» RECORDS PROVIDED:
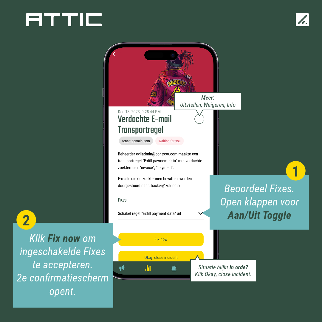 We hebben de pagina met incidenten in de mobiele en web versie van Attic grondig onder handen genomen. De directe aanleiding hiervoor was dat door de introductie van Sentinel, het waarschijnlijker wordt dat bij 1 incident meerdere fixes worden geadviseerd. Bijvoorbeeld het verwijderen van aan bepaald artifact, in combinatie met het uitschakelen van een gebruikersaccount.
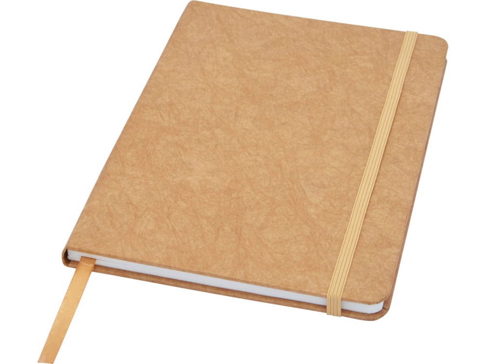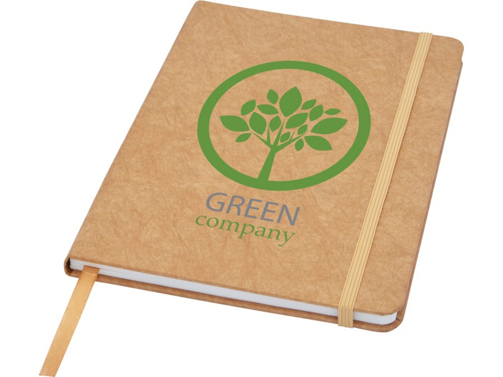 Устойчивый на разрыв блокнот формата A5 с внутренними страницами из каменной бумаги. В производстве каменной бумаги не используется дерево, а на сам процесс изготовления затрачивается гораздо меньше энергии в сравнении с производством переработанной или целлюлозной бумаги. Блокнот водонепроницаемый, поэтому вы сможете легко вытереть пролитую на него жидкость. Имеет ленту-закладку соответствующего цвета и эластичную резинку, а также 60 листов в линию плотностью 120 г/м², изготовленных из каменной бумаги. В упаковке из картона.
* * *
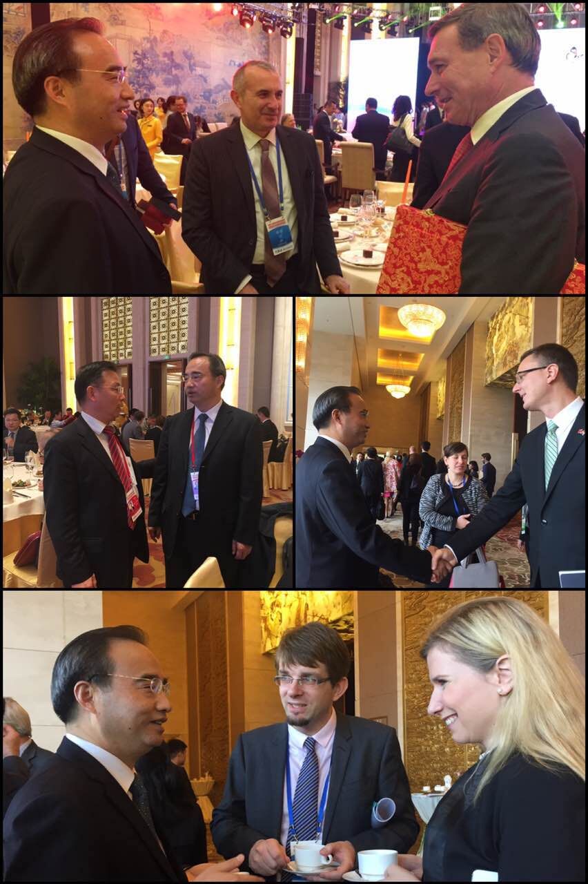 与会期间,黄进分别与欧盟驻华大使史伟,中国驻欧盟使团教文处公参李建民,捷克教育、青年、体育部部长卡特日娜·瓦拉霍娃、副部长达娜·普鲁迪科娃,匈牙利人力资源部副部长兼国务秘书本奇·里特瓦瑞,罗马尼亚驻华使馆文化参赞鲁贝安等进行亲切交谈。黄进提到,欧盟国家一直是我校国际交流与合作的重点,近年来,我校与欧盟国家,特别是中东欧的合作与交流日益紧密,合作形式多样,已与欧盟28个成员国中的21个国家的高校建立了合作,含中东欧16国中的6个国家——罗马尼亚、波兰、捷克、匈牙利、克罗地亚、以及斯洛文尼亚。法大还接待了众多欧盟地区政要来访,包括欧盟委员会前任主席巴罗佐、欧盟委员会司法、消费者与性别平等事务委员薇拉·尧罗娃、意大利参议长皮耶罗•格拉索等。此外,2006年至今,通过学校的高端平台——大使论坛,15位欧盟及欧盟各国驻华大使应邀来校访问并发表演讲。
* * *
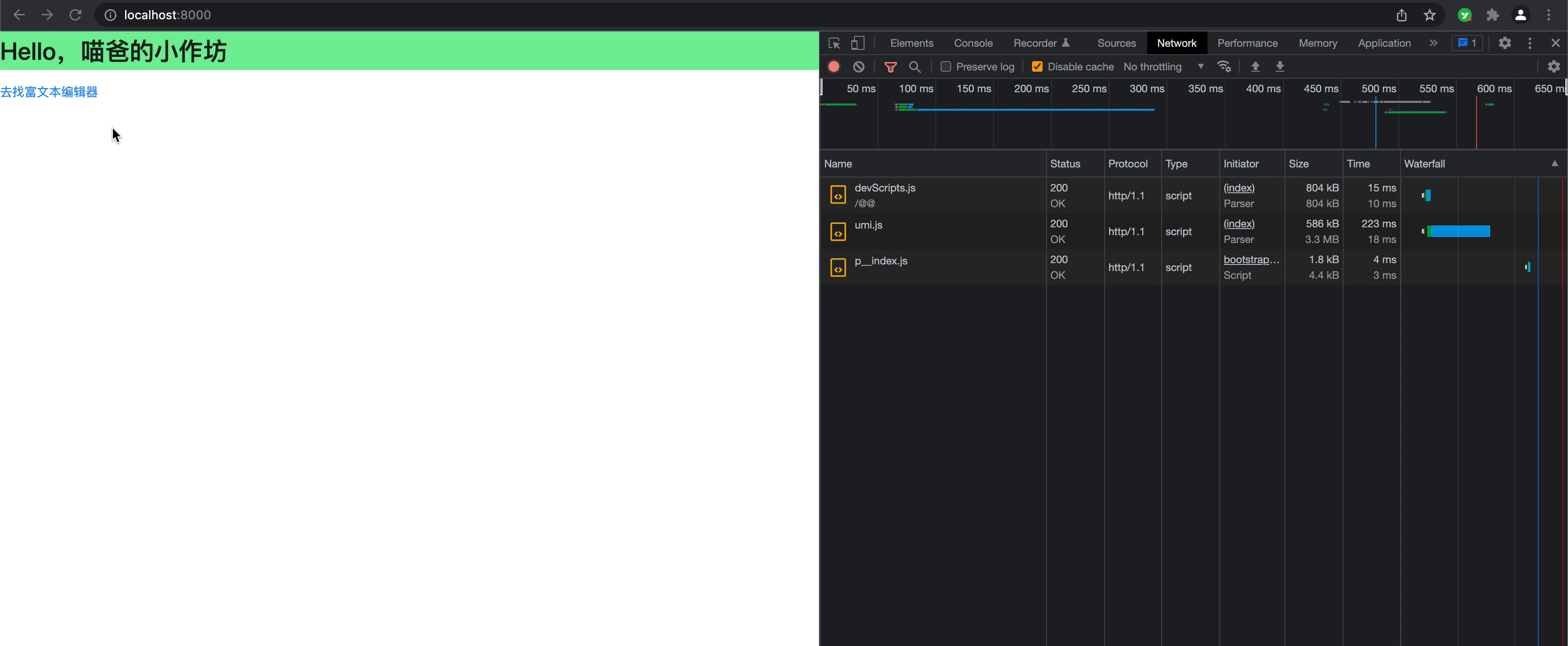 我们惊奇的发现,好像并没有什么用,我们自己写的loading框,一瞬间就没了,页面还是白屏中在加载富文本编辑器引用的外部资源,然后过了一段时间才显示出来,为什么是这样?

» TASK DETAILS:
Work from the entries above. Set down exactly and only the lines from the line with "We hebben de" to the line with "Устойчивый на разрыв", both included, and leave the pictures out.

» REPLY TO THE TASK:
 We hebben de pagina met incidenten in de mobiele en web versie van Attic grondig onder handen genomen. De directe aanleiding hiervoor was dat door de introductie van Sentinel, het waarschijnlijker wordt dat bij 1 incident meerdere fixes worden geadviseerd. Bijvoorbeeld het verwijderen van aan bepaald artifact, in combinatie met het uitschakelen van een gebruikersaccount.
 Устойчивый на разрыв блокнот формата A5 с внутренними страницами из каменной бумаги. В производстве каменной бумаги не используется дерево, а на сам процесс изготовления затрачивается гораздо меньше энергии в сравнении с производством переработанной или целлюлозной бумаги. Блокнот водонепроницаемый, поэтому вы сможете легко вытереть пролитую на него жидкость. Имеет ленту-закладку соответствующего цвета и эластичную резинку, а также 60 листов в линию плотностью 120 г/м², изготовленных из каменной бумаги. В упаковке из картона.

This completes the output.